CCL:G: Share of experience, software and hardware



Dear Ibrahim,
 This page may help: www.pqs-chem.com.
 Best Regards.
  
 Olasunkanmi Lukman Olawale
 ________________________________
 Current Address:
 Department of Chemistry,
 Obafemi Awolowo University,
 Ile-Ife, Osun State.
 Nigeria.
 +234-0-80-52401564 Or +234-0-80-67161091
 ________________________________
 On Monday, 9 December 2013, 15:55, Daniel Jana dfjana . gmail.com
 <owner-chemistry_+_ccl.net> wrote:
 Sent to CCL by: Daniel Jana [dfjana_-_gmail.com]
 Hello,
 Strategy 1 - I see no problem with having multiple users using the
 same computer. Of course, physically it's hard... you tend to only
 have one keyboard and screen after all. However, once you have the
 computers on the network, nothing prevents other users from connecting
 (I assume we are talking about Linux workstations) via SSH and
 launching calculations. Through a combination of job priority and
 appropriate choice of the number of cores, the machine can be used for
 regular work (checking journals on the web, reading/writing papers,
 the occasional video on youtube because no one works 100% of the time)
 while running jobs.
 The easiest way to manage the software will be having a NFS-shared
 partition with all the software installed. This means you only install
 the software in one place, rather than locally in every machine.
 In this scenario, users typically check for available workstations and
 run their jobs directly on the machines. You can always go the
 extra-mile and install a scheduler so they can submit jobs to the
 queue and it runs on the first available machine. But that may be too
 much to learn in the beginning.
 Strategy 2 - Obviously having a cluster is the ideal solution, but I'm
 not sure with that budget you'll go far. Perhaps you buy computers
 > from a regular shop and not rack-ready hardware, making it a bit
 cheaper). You will still have a lot of computers in the same room
 producing heat. You have to at least consider the possibility that
 part of that money will go to buying and installing AC. If you go with
 strategy 1 you probably will have the students spread over several
 rooms so the problem becomes less obvious. And buying a rack-ready
 cluster will also mean buying a rack. With such a small budget it may
 end up not being a negligible part of your budget.

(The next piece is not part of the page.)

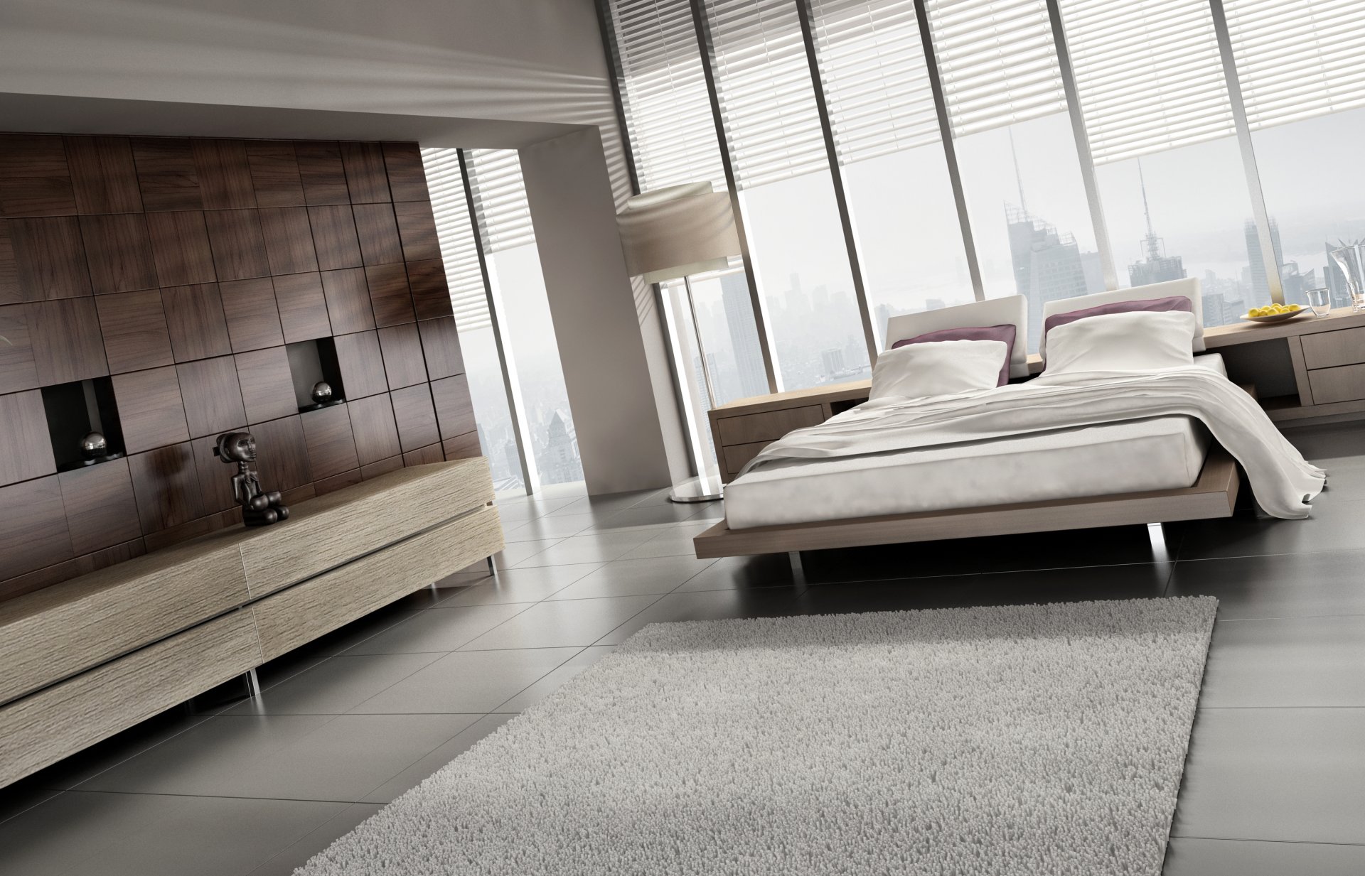 Stilvolles Interieur des Schlafzimmers mit Panoramafenstern - wallpaper für das Telefon
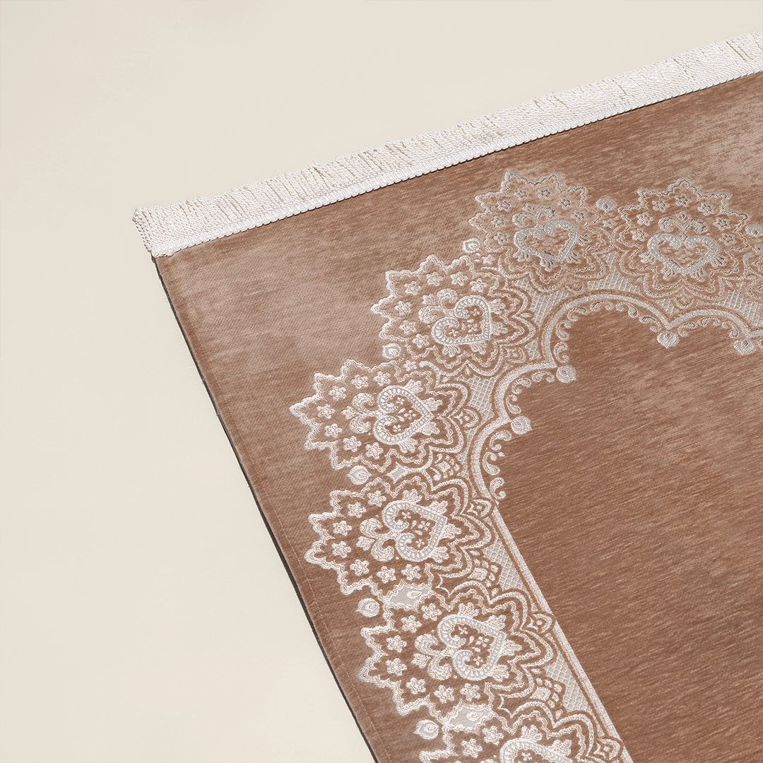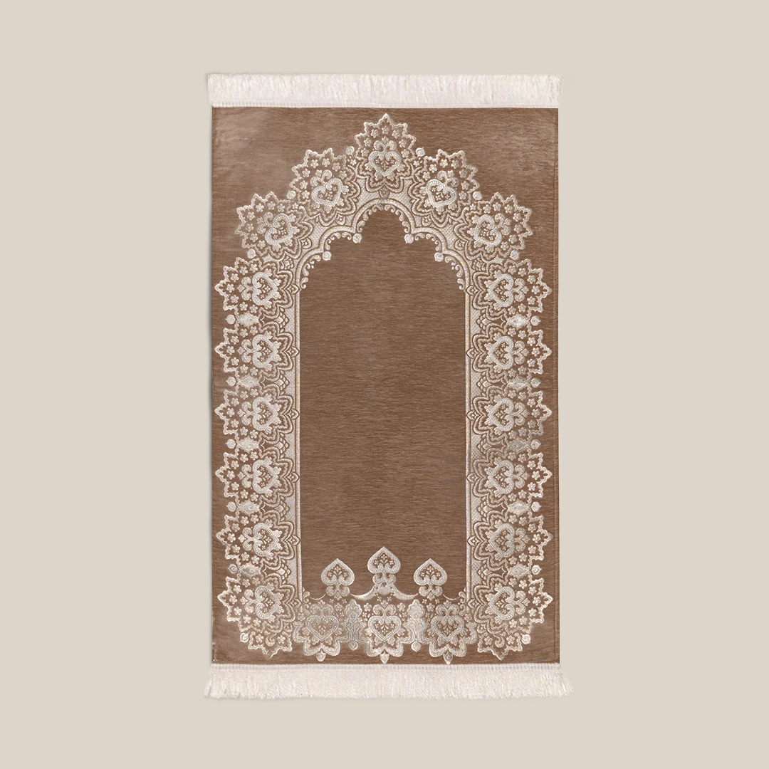 سجادة صلاة شنيل لون بيج غامق من بيتي الصغير

 Concerning Amber/Gaussian... those two codes have different
 capabilities when it comes to scaling to many cores. My personal
 feeling is Gaussian scales poorly beyond 8 cores and poorly over more
 than one machine. Amber, on the other hand, should be more or less
 linearly scaling for at least a few hundred cores. This means that if
 you plan to have a cluster for Gaussian there's not much of a need for
 Infiniband, while for Amber it does make sense (because running it
 over Ethernet does impact the performance substantially. Of course,
 with a total budget of 40 kUSD, talking about Infiniband is probably a
 bit stupid.
 I'd say in the beginning strategy 1 makes more sense. You still need
 computers for the students anyway... no point having a cluster if
 users can't connect to it. You can also start learning slowly the
 tools needed to have a cluster (e.g. learning NFS in the beginning to
 share the software; later on installing NIS to manage the users
 centrally, rather than having to install all users on all
 workstations; later on installing a scheduler so that jobs can be
 automatically submitted to remote machines). It's true that it's not
 trivial to manage one, so taking baby steps is probably the best way
 to go at it. When you feel more comfortable with it, perhaps even
 having one or two students capable of dealing with all the needed
 tools that make a cluster, perhaps you could then think about
 acquiring a cluster, potentially with a few other groups so you could
 make an investment giving you a cluster with 30 or 40 nodes.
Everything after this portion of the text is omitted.